:: DATA FOR REVIEW ::
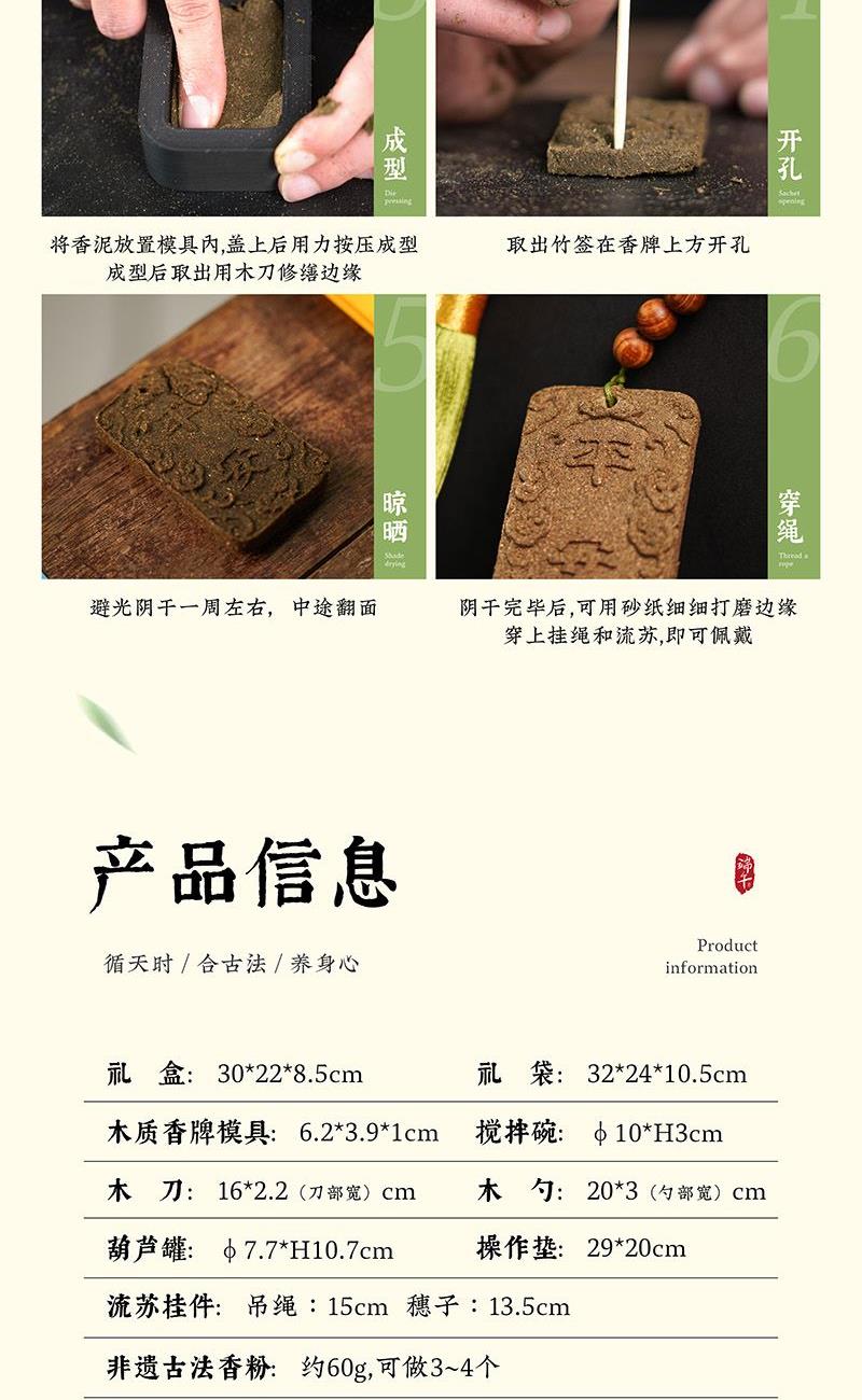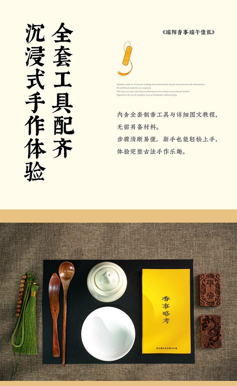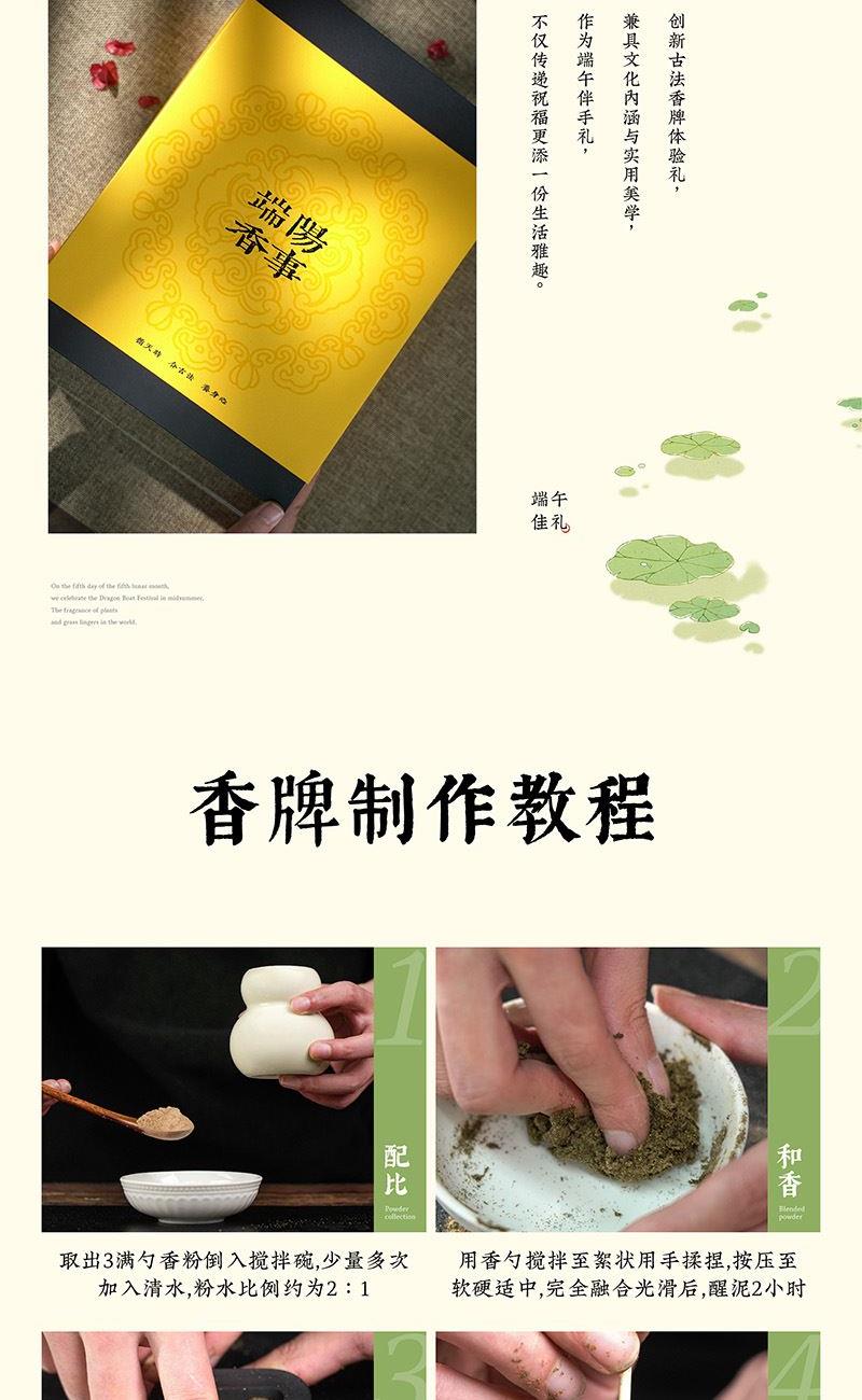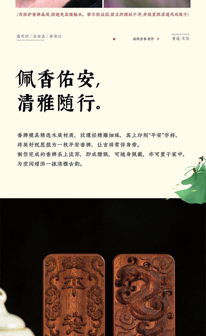 五月初五,仲夏端阳,草木清香萦绕人间。自古端午便有佩香悬艾的习俗,人们以香驱暑避秽,也将平安顺遂的祈愿寄托于一缕幽香之中。「端阳香事」融合古法合香技艺,以手作香牌体验为核心,用方寸之礼重现传统香事雅趣。我们依天时而制,循古法而作,让传统香事以更生动、更具参与感的方式融入日常生活。无需复杂门槛,只需跟随步骤,即可亲手完成一枚平安香牌,感受手作之趣与古韵之雅。
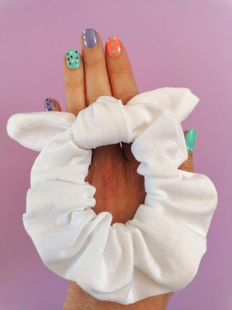 Λευκό , βαμβακερό , χειροποίητο λαστιχάκι φρουφρού για τα μαλλιά , με φιογκάκι από το ίδιο ύφασμα !
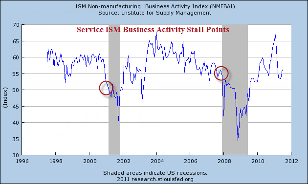 I commented on the services ISM Business Activity number on Wednesday in ISM says "Business Conditions Flattening Out"; Why Services Number Worse Than It Looks; Unsustainable Conditions.
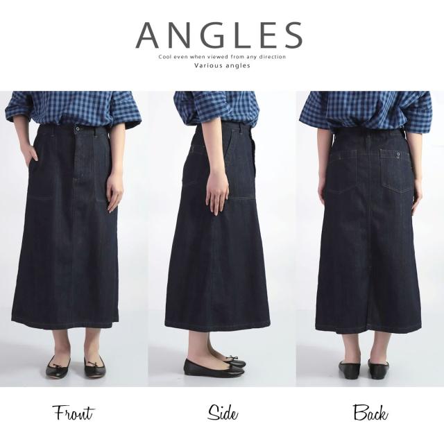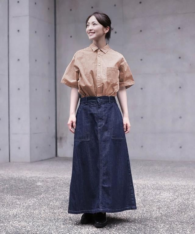 ほどよくAラインに広がり、足首の見えるすっきりとした膝下丈は、春夏のスタイリングに取り入れやすいシルエットになっています。
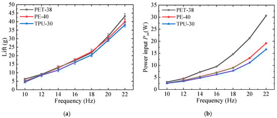 As shown in Figure 7b, similar trends in the three power input curves can also be observed, which increase with the increase of flapping frequency. At a higher flapping frequency, the power input grows rapidly, implying a greater power required at a higher frequency. More precisely, the relationship of power input against flapping frequency also seems nonlinear. This phenomenon can also be found from the research by Nan et al. [17], who conclude the power consumption scaled with approximately a third of the power of the frequency. Similar to the result of lift, the input power of PET-38 is the largest of all flapping frequencies, while that of TPU-30 is the smallest. The higher the frequency, the greater the difference in power consumption of the three wings. At 22 Hz, the power consumed by the PET-38 is almost twice as much as that consumed by the TPU-30.
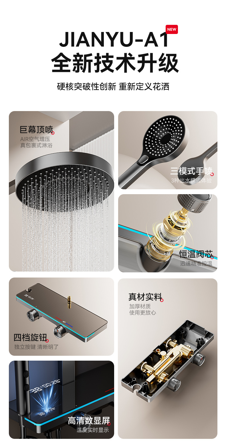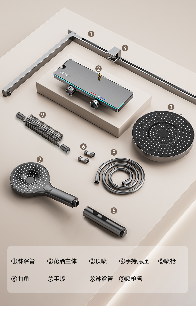 厂家批发淋浴花洒套装大置物家用智能数显卫生间增压淋雨器卫浴器
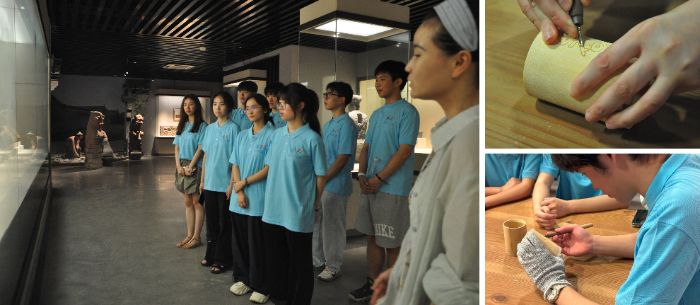圖為實(shí)踐團(tuán)成員聆聽館員講解、體驗(yàn)制作場(chǎng)景
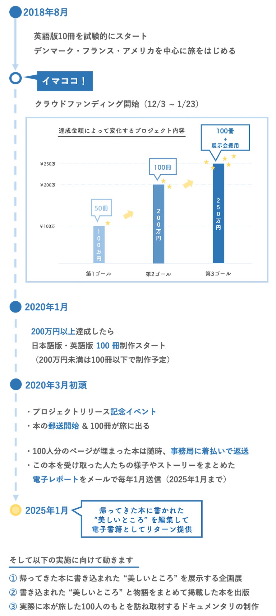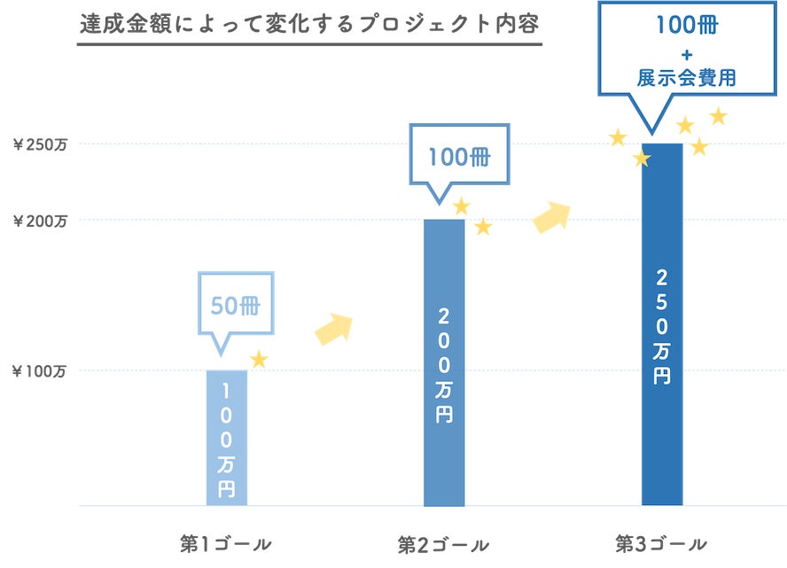 そのため100冊の発行のためには、第1ゴール100万円の次、第2ゴールの200万円を達成する必要があり、今回のプロジェクトでは、最低でもその 200 万円の実現を目指します。
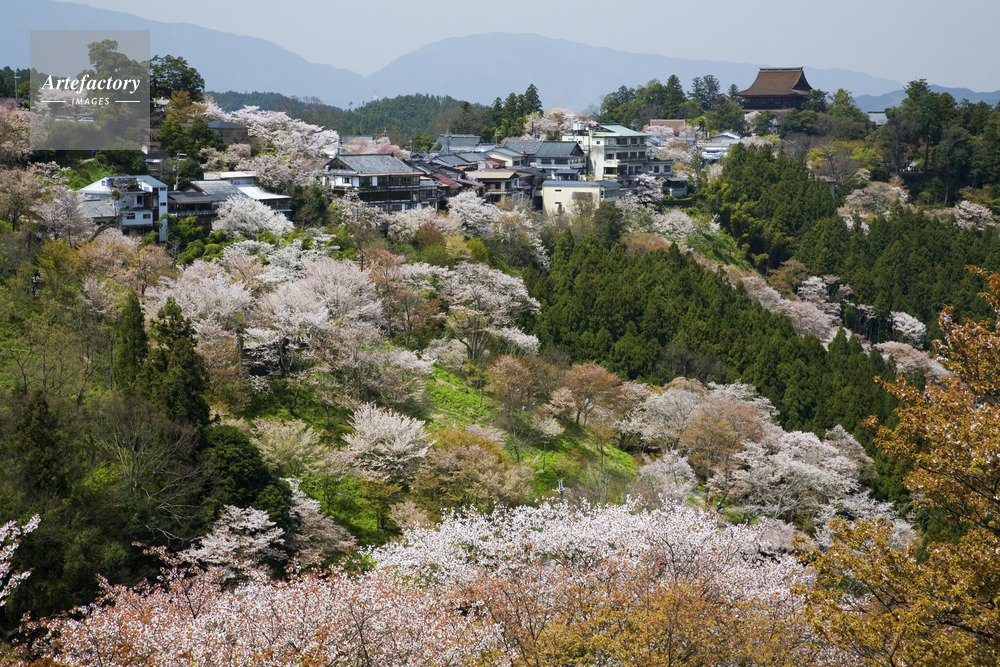 作品タイトル     シロヤマザクラ咲く吉野山から蔵王堂 モデルリリース なし
:::
**AIM OF THE TASK:** Set down word for word the lines from the first entry through the line with "Λευκό , βαμβακερό", both included, omitting pictures.

**REPLY:**
 五月初五,仲夏端阳,草木清香萦绕人间。自古端午便有佩香悬艾的习俗,人们以香驱暑避秽,也将平安顺遂的祈愿寄托于一缕幽香之中。「端阳香事」融合古法合香技艺,以手作香牌体验为核心,用方寸之礼重现传统香事雅趣。我们依天时而制,循古法而作,让传统香事以更生动、更具参与感的方式融入日常生活。无需复杂门槛,只需跟随步骤,即可亲手完成一枚平安香牌,感受手作之趣与古韵之雅。
 Λευκό , βαμβακερό , χειροποίητο λαστιχάκι φρουφρού για τα μαλλιά , με φιογκάκι από το ίδιο ύφασμα !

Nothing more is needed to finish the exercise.